◆ Task goal
Return the lines of the data below, from the one containing "For Xiaomi DUKA" through the very last, exactly and with both ends included; no pictures.

◆ Data section
==*==

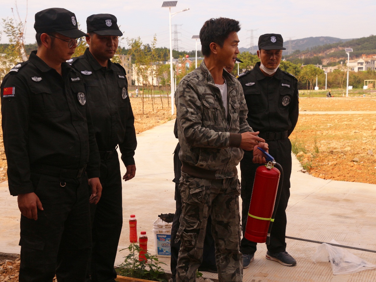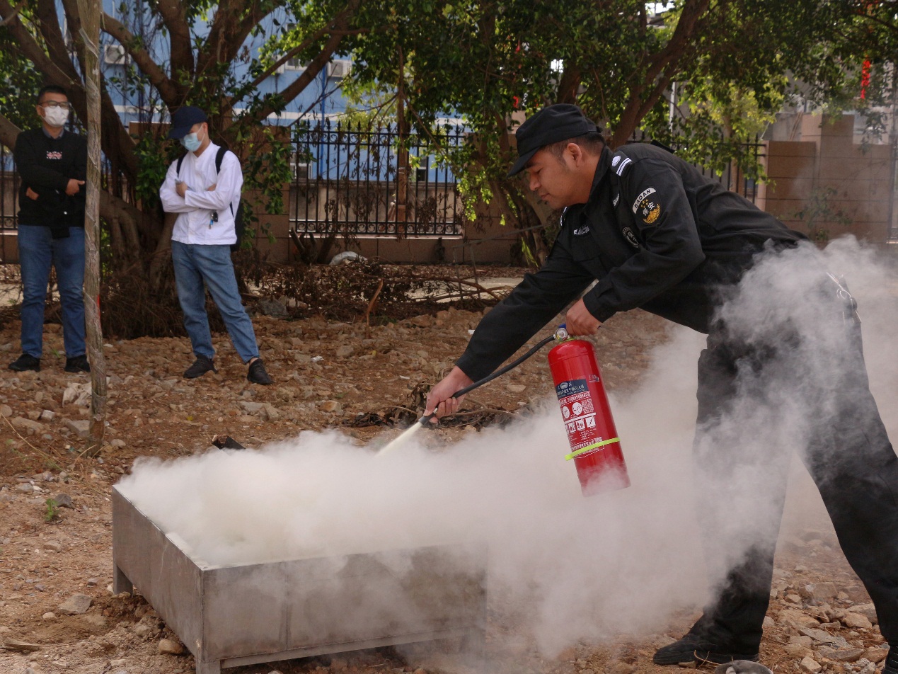 疏散演练结束后,福清校区保卫处组织校园义务消防队及保安人员进行灭火实操演练,演练内容包括灭火器的检查和使用步骤,有效使用距离、角度和站位等,参加演练人员分组进行了现场灭火操作。
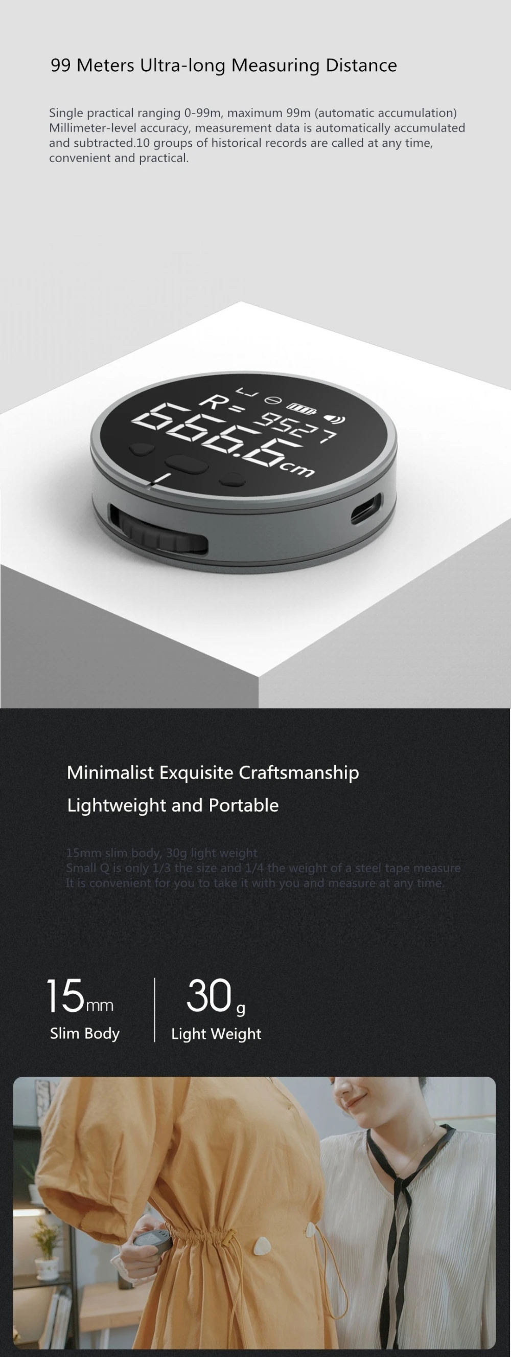 For Xiaomi DUKA Little Q Electronic Ruler Portable Rangefinder Measuring Tape LCD Digital Screen
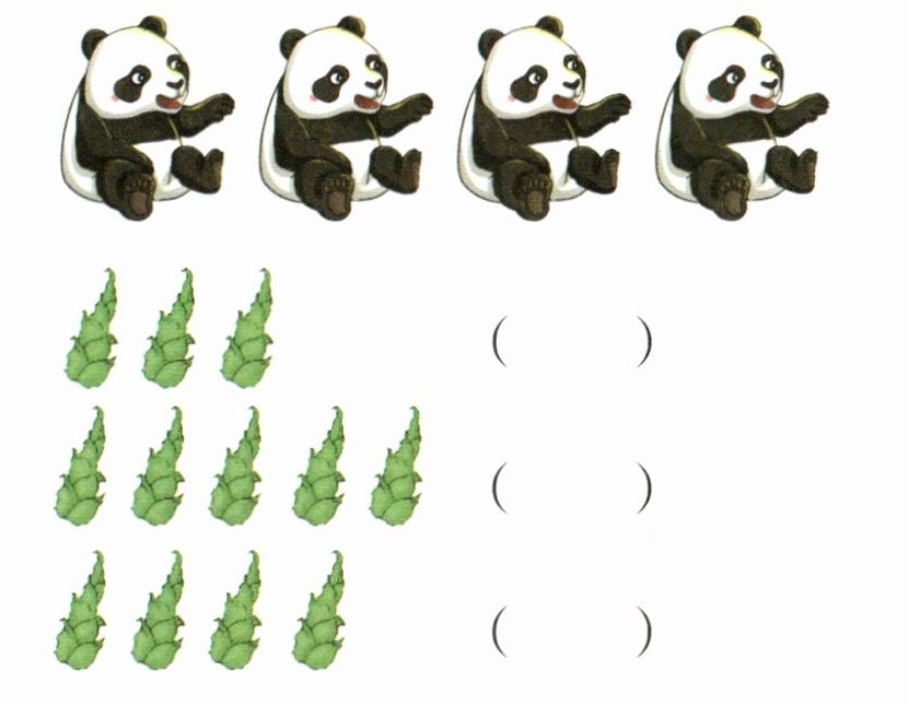 1. 有 4 只熊猫,3 堆竹笋。如果每只熊猫吃一根竹笋,挑哪一堆竹笋比较合适呢?在合适的那堆后面打“√”。(2 分)

==*==

◆ Task result
 For Xiaomi DUKA Little Q Electronic Ruler Portable Rangefinder Measuring Tape LCD Digital Screen
 1. 有 4 只熊猫,3 堆竹笋。如果每只熊猫吃一根竹笋,挑哪一堆竹笋比较合适呢?在合适的那堆后面打“√”。(2 分)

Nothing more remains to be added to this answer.